For more than a decade, myMatrixx has been reaching out to clinicians who prescribe TIRF products for workers’ compensation patients. Our communications outline the safety risks of using the drugs and ask the prescriber for documentation of appropriate prescribing, including plans to discontinue therapy. To highlight the need for intervention, use of TIRF products are also included in a generated patient safety risk score identified by our Business Analytics product, Clinical Analysis Results Engine (CARE). Additionally, the use of TIRF products is part of a supplemental reporting package for clinical safety alerts that call further attention to individual patients using these medications. Because of our various interactions ̶ from point-of-sale to prescriber outreach to client analytics, the usage of TIRF products in the myMatrixx workers’ compensation book of business is minimal.

Although our programs manage prescription TIRF use well, we don’t stop there. We have similar strategies in place to manage other forms of fentanyl as well. In our next Keeping Up With Clinical Trends, we will address the prescription use of other fentanyl dose forms, like Duragesic® (fentanyl transdermal system). In addition, watch for our upcoming research paper entitled It’s Not Just Heroin Anymore: Evolving Role of Fentanyl in Drug Overdose.

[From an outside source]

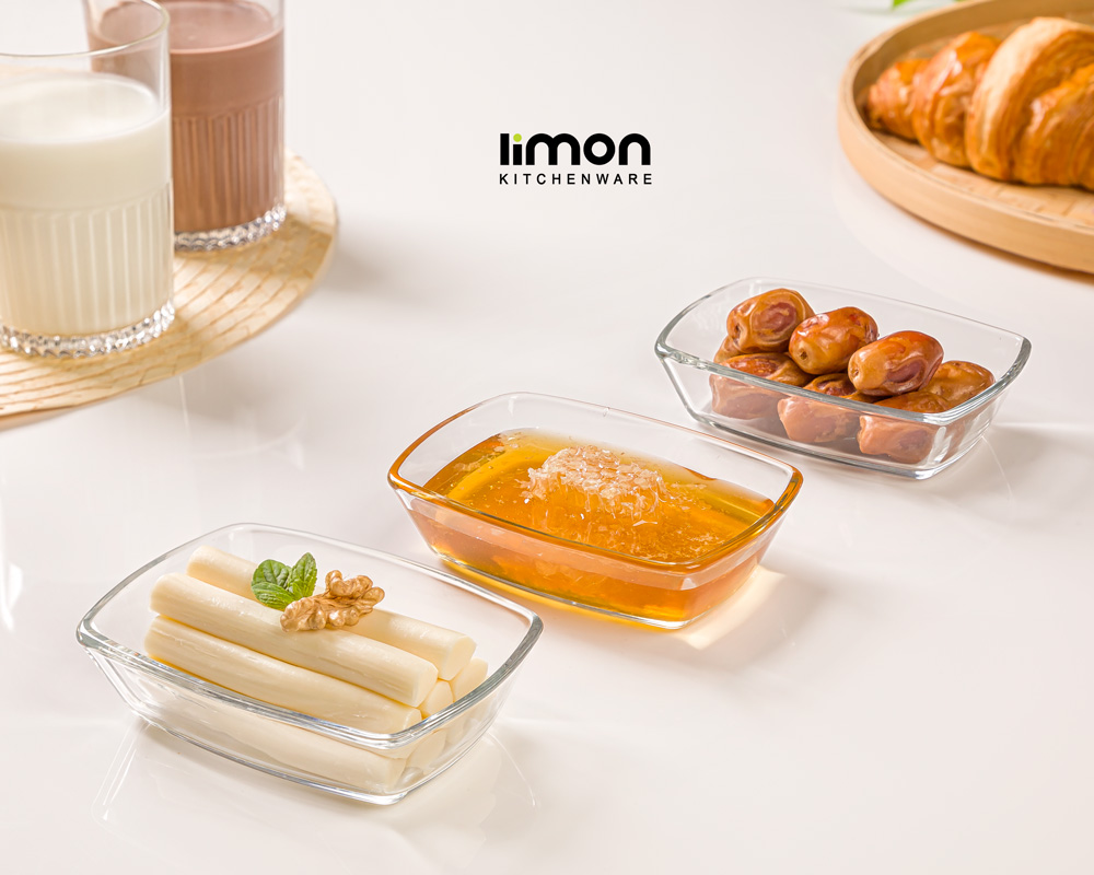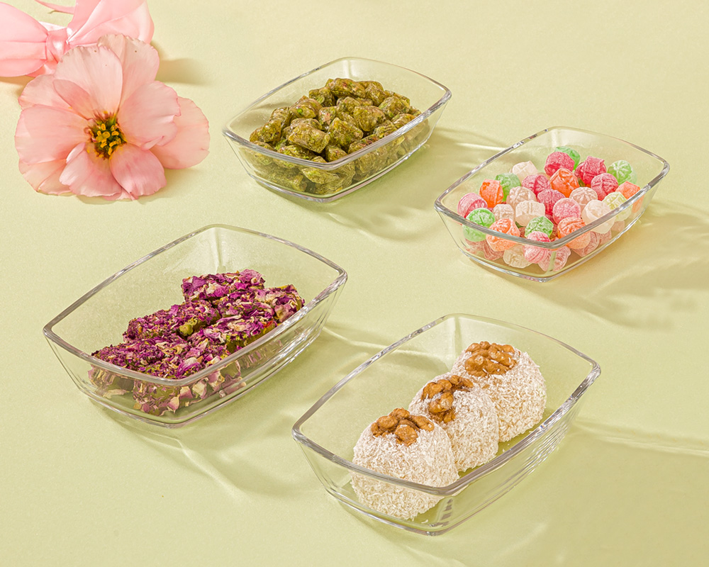 Elegant Design: Rectangular serving bowl set made of durable glass.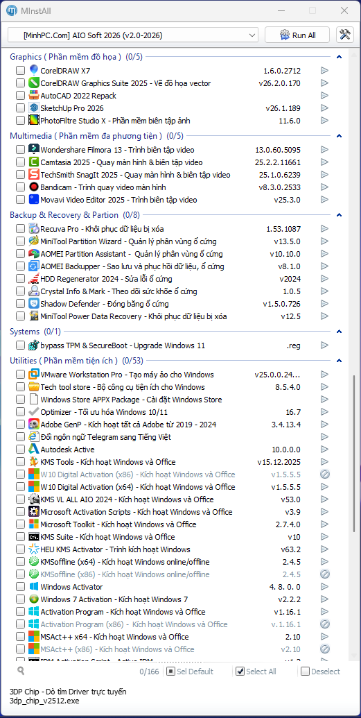 Shop MinhPC cung cấp bộ AIO Soft dạng phần mềm Silent & Repack cho Windows để cài nhanh các phần mềm cần thiết cho Windows khi mới cái Windows mới với các ứng dụng phổ biến hay dùng cho Windows và các ứng dụng tiện ích như đồ họa, thiết kế, multimedia….tất cả dưới dạng đã kích hoạt sẵn.

    1. Ahmad FB, Rossen LM, Spencer MR, Warner M, Sutton P. Vital statistics rapid release. Provisional drug overdose death counts. National Center for Health Statistics.  Last Updated Aug. 15, 2018. Accessed Aug. 17, 2018.
    2. U.S. Food and Drug Administration. Transmucosal Immediate Release Fentanyl (TIRF) Risk Evaluation and Mitigation Strategy (REMS).  Most recent modification: December 2014. Accessed 8/17/18.
    3. Statement from FDA Commissioner Scott Gottlieb, M.D., on FDA’s continued, careful oversight of the REMS associated with transmucosal immediate-release fentanyl products [press release]. Silver Spring, MD; U.S. Food and Drug Administration; Aug. 1, 2018. 
    4. Alexander GC, Sharfstein JM. Testimony for the Record Submitted to the U.S. Food and Drug Administration for the Joint Meeting of the Drug Safety and Risk Management Advisory Committee and the Anesthetic and Analgesic Drug Products Advisory Committee. Aug. 1, 2018.  Accessed 8/17/18
    5. Lord SM, Kerr JS. INSYS Therapeutics reaches settlement in connection with marketing of opioid painkiller. Arnall Golden Gregory, LLP. Legal Insight.  Aug. 15, 2018. Accessed 8/17/18.